Since the successful Siege of Port Arthur, during the Russo-Japanese War heavy howitzer development had taken high priority. The Imperial Japanese Army's Armstrong designed 28 cm howitzer L/10 had been instrumental in destroying Port Arthur's defenses and sinking the fleet anchored in its harbor. This resulted in the development of several siege guns, which could be also be used as siege and coastal defense guns. The first was the Type 45 24 cm Howitzer which weighed 38 t and required a crew of 50 men two days to set up. The second was the Type 7 30 cm howitzer which was introduced in 1918. The short barreled version weighed 59 t while the long barreled version weighed 97 t. Although both were powerful weapons their weight was considered excessive and this negatively affected their mobility. Although satisfied with both designs two new guns were ordered during 1936, the Type 96 15 cm howitzer and the Type 96 24 cm howitzer. Both were lighter and more mobile than their predecessors but while the Type 96 15 cm was successful the Type 96 24 cm was a failure due to excessive shot dispersion and inconsistent range which were never resolved. Therefore only eight Type 96 24 cm howitzers were built. For transport, the Type 96 24 cm howitzer, could be broken down into four loads and towed by tractors. Once onsite, a turntable was assembled and firmly anchored to the ground. The gun was then mounted on the turntable and had 120° of traverse and +65° of elevation.

=== Pacific War ===
The Type 96 first saw action during the Philippines Campaign in 1942, when the US-Philippine forces withdrew to the Bataan Peninsula.

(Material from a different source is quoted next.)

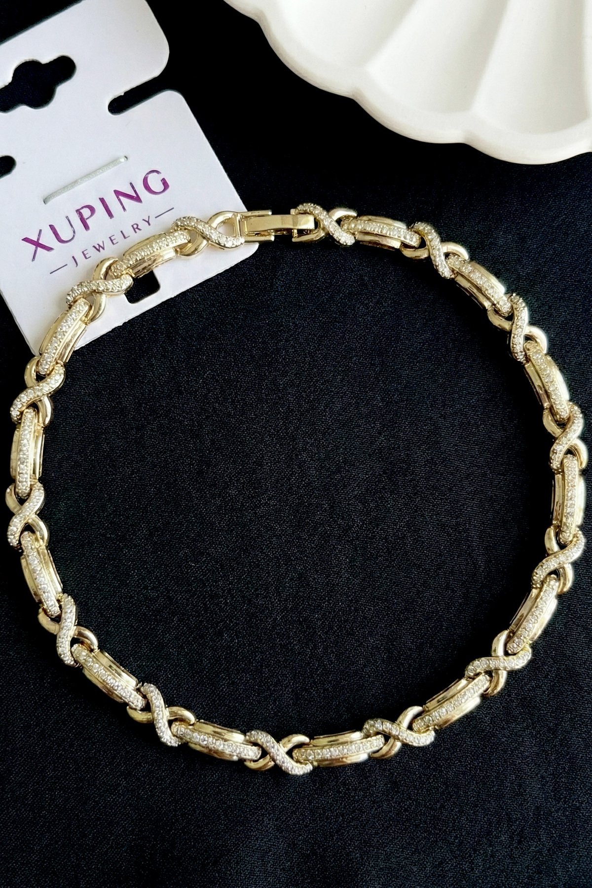 Xuping 14K Taşlı Sonsuzluk Zincir Kadın Bileklik – 17+2 cm | Altın Renk Kararmaz Xuping Takı şık tasarımı ve kaliteli işçiliği ile günlük kullanımda ve özel davetlerde stilinizi tamamlar.; -Marka – Xuping -Kaplama – 14K altın kaplama -Model – Bileklik -Taş Türü – Zirkon -Renk – Altın renk -Uzunluk – 17 cm + 2 cm ayarlanabilir -Özellik – Kararmaz, uzun süreli parlaklık Kullanım Alanı – Günlük şıklık, iş kombinleri ve özel davetler için uygundur.; Hediye seçeneği olarak da tercih edilebilir.; Bakım Önerileri – Parlaklığını koruması için kimyasal maddelerden ve sudan uzak tutulması tavsiye edilir.; Paketleme – Şık kutu içerisinde gönderilir, hediye etmeye uygundur.; Not – Takınızın uzun ömürlü olması için şampuan, deterjan ve benzeri kimyasal maddelerden uzak tutunuz.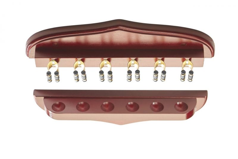 This wall mounted mahogany coloured cue rack can accept up to six cues.

The first Japanese attacks failed due to stiff Allied resistance so the Commander-in-Chief of the 14th Army, Lieutenant-General Masaharu Homma brought up heavy artillery units to prepare for renewed attacks. Among the 300 guns deployed were two Type 96 howitzers of the 2nd Independent Heavy Artillery Company. On April 3, 1942 the Japanese guns opened fire at 9AM and continued until 2PM. In the six-hour bombardment, 80 rounds were fired by the 2nd Independent Heavy Artillery Company. On May 4, 1942, the Japanese began bombarding the island fortress of Corregidor. During the course of the bombardment Type 96 and Type 45 24 cm howitzers fired a total of 2,915 rounds. Corregidor eventually fell on May 6, 1942.

=== Japanese-Soviet War ===
In 1945, Type 96 howitzers were moved to Manchuria Kotō Fortress to strengthen the Japanese defense in preparation for a Soviet attack. The Japanese army had built eight fortresses along the border with the Soviet Union, of which the Kotō fortress on the Ussuri River was the strongest. Large-scale fortifications, similar to the Maginot Line, were guarded by the 4th Border Guard Unit. The 1400-strong crew had two batteries of field guns and howitzers, the Type 90 240 mm railway gun, and the Experimental 41-cm Howitzer. When the Red Army attacked the Japanese positions around Kotō fortress in Operation August Storm in August 1945, the crew was annihilated.